ZINC ISOTOPIC CHARACTER OF ORE BODIES AT BALMAT, NY: PRELIMINARY RESULTS

The zinc deposits of the Balmat-Edwards-Pierrepont district, in the New York Adirondack Lowlands, have been an important source for zinc since the early twentieth century. Although the Balmat mine is currently closed, in 2005 its owner estimated its reserves at 1.9 and its resources at 1.4 million tons, respectively. Research described here is part of an effort to determine the physical state of Balmat sulfide ore during its remobilization ca 1180 Ma, coincident with amphibolite facies regional metamorphism. Zinc is known to fractionate during kinetically variable conditions of precipitation of zinc minerals from hydrothermal fluids, as well as during certain igneous processes. Accordingly, to test the feasibility of using Zn isotopes to better understand sphalerite remobilization at Balmat, sphalerite separates from a group of 4 ore samples, located at different distances from a centralized core block in the Mahler-Upper Fowler ore body, were analyzed for zinc isotopic composition. A fifth sphalerite separate from the Horsetail zone of the Fowler ore body, was also analyzed. The analysis was performed on an ISOPROBE multicollector ICP-MS at the University of Arizona. Errors of the IRMM3702 Zn standard for this session were 0.1 per mil. Solutions were measured at 300 ppb Zn. δ⁶⁶Zn values, given in per mil, vary from a high of 0.24 to a low of -0.26 with increasing distance from the core block. The Horsetail ore has the lowest δ⁶⁶Zn, with a value of -0.04. This systematic variation of δ⁶⁶Zn with distance from the core block is consistent with time dependent fractionation of lighter isotopes into the remobilized orebodies, with the lightest ores representing the earliest remobilized fraction. Therefore, the gash fractures that host Horsetail ores may represent structural traps in which the earliest remobilized ore accumulated.
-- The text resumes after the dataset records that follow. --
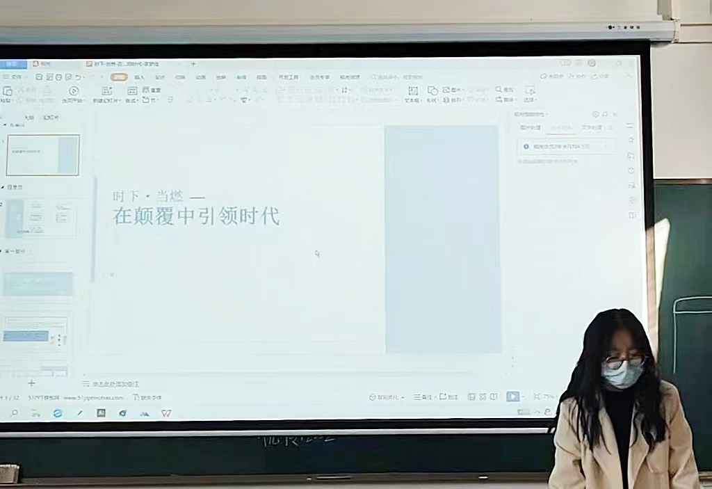 李梦佳同学以《时下·当燃-在“颠覆”中引领时代》为题,分享了当下全新的观念和设计想法。
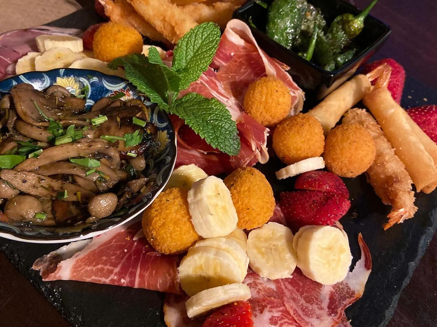 Tapas criativas e saborosas, como pimentos padrón, cogumelos salteados, bruschettas e outras delícias preparadas com ingredientes frescos e sazonais.
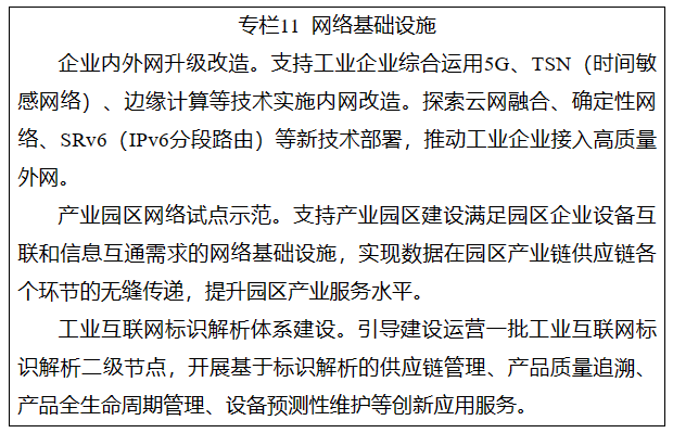 (十)数字化基础支撑工程。加强网络基础设施建设,支持基础电信企业优化升级省级骨干网络,推进5G网络深度覆盖和应用推广。推动标识解析二级节点建设,强化标识在工业领域中应用。加强工业领域网络和数据安全保障,扩大省级工业互联网安全态势感知平台覆盖范围,推动工业互联网企业开展网络安全和数据安全分级分类管理,引导企业开展两化融合管理体系升级版、DCMM(数据管理能力成熟度评估模型)、数据安全管理等国家标准贯标,提升企业数据管理能力。(责任单位:省经济和信息化厅、省通信管理局,配合单位:省发展改革委、省科技厅)
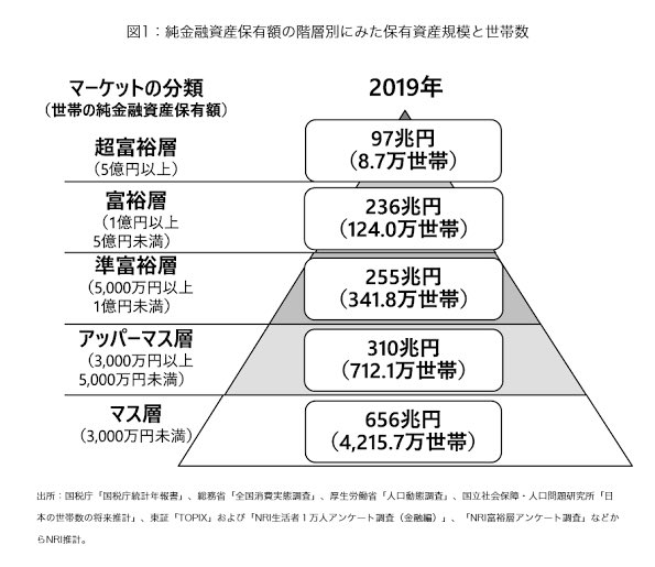 マス層1000万未満、アッパーマス層1000万円〜5000万円未満、準富裕層5000万円〜1億円未満、富裕層1億円〜100億円未満、超富裕層100億円以上
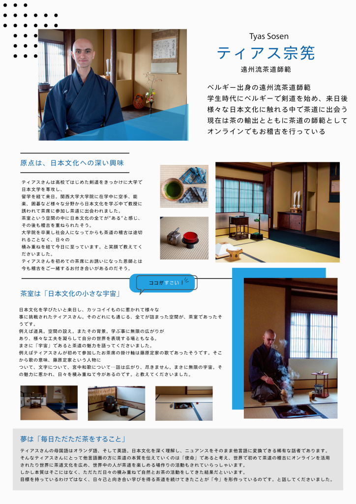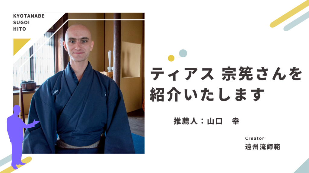 今回ご紹介するのは、茶道遠州流師範 ティアス宗筅 さんです。
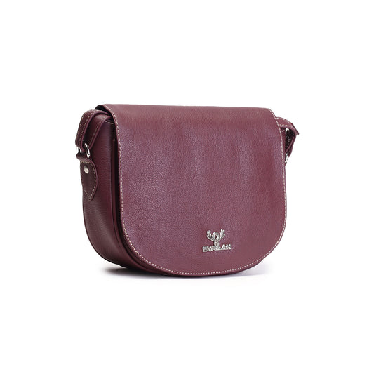 Syraah Maroon Full-Grain Leather Saddle Crossbody Bag
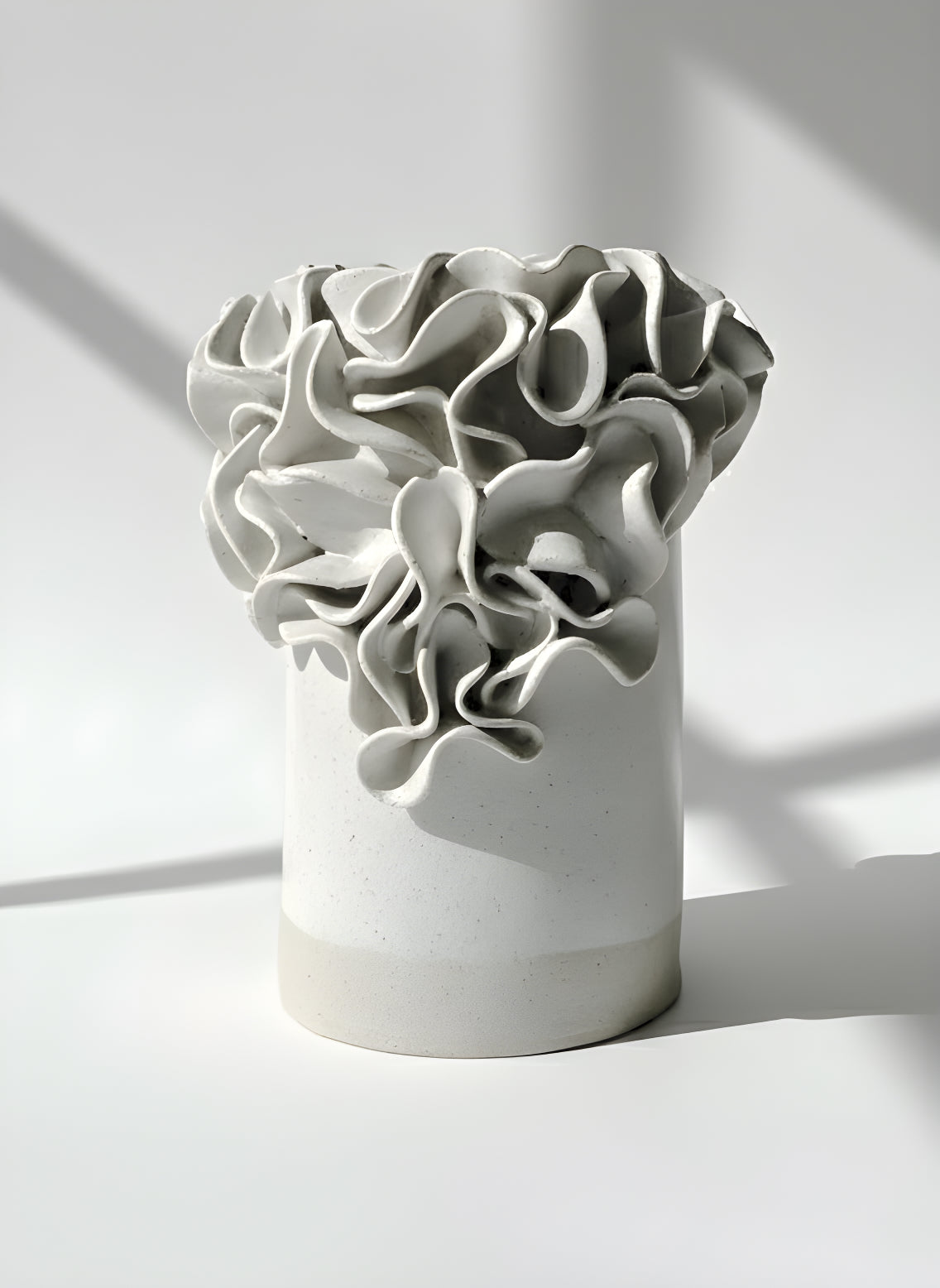 Oversized Ruffled Cylinder Vase - White Glaze
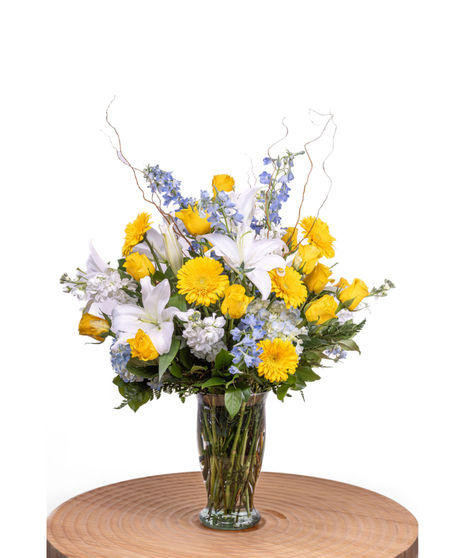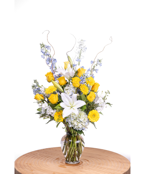 Send a breath of fresh air to someone who needs it! Our Bright Skies flower arrangement is a delightful choice for new baby, birthdays, anniversaries, and every springtime occasion. This bouquet is a stunning representation of a bright blue sky in spring, bringing the beauty of nature right to your or your recipient’s door. Embrace the joy and convenience of local flower delivery in your area today!
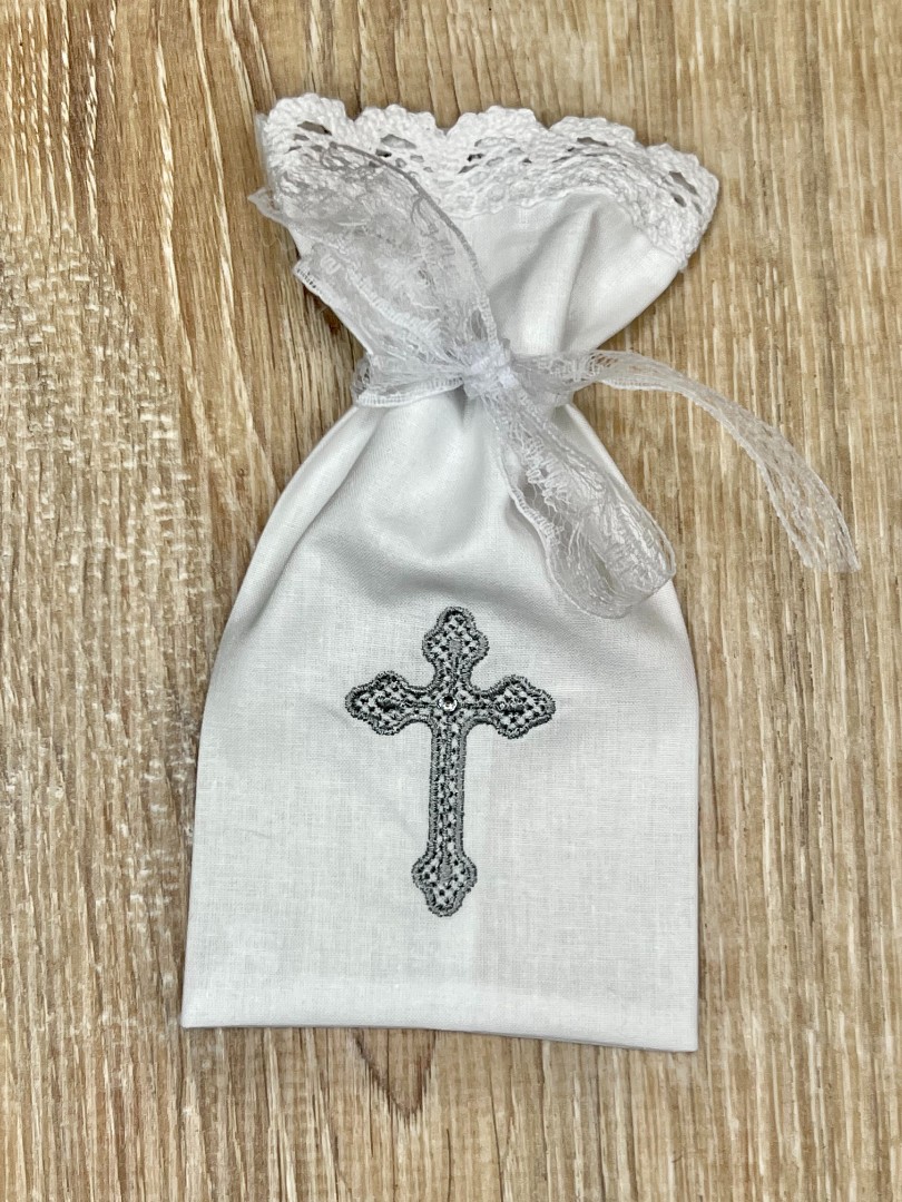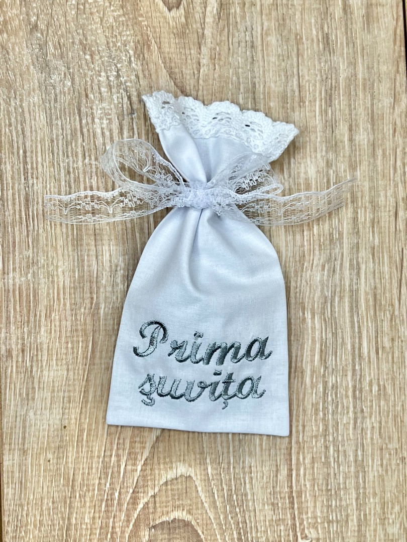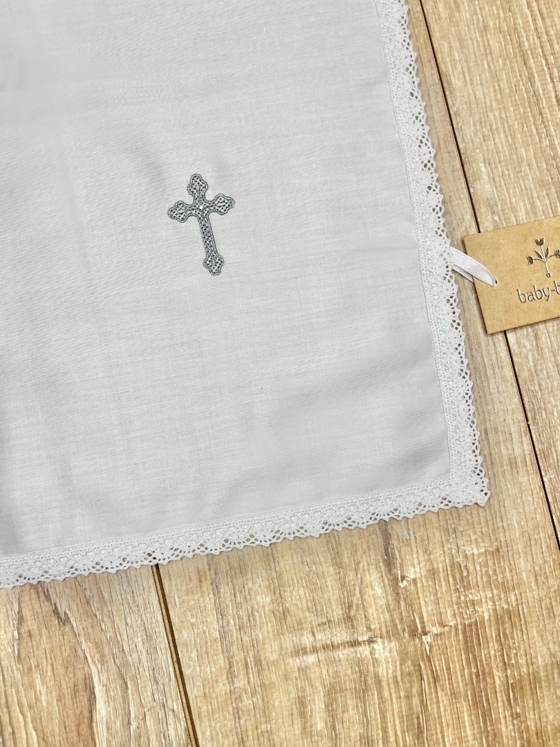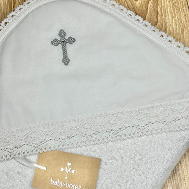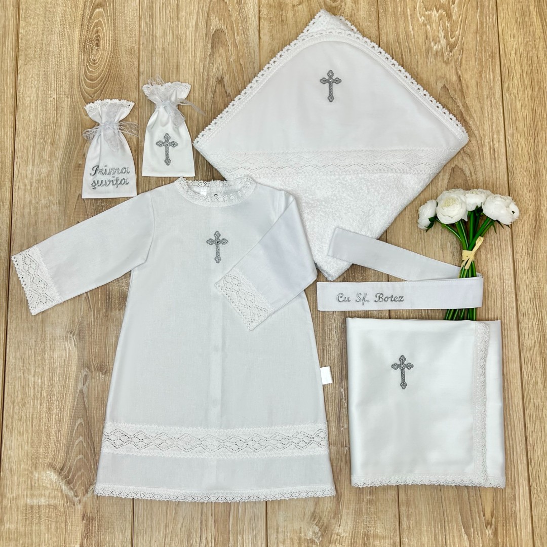 Compoziție prosop cu glugă, cămașă de botez, scutec, săculeț pentru cruciuliță, săculeț pentru prima șuviță, panglică

Expansion of the data set is required to confirm these preliminary patterns and interpretations. At this point the mechanism of remobilization is still unclear (i.e., anataxis, solid-state flow, hydrothermal dissolution, or a combination of these mechanisms). Further documentation of ore compositions (elements and minerals), and subsequent melting experiments of model ore compositions are planned, and may help to resolve this question..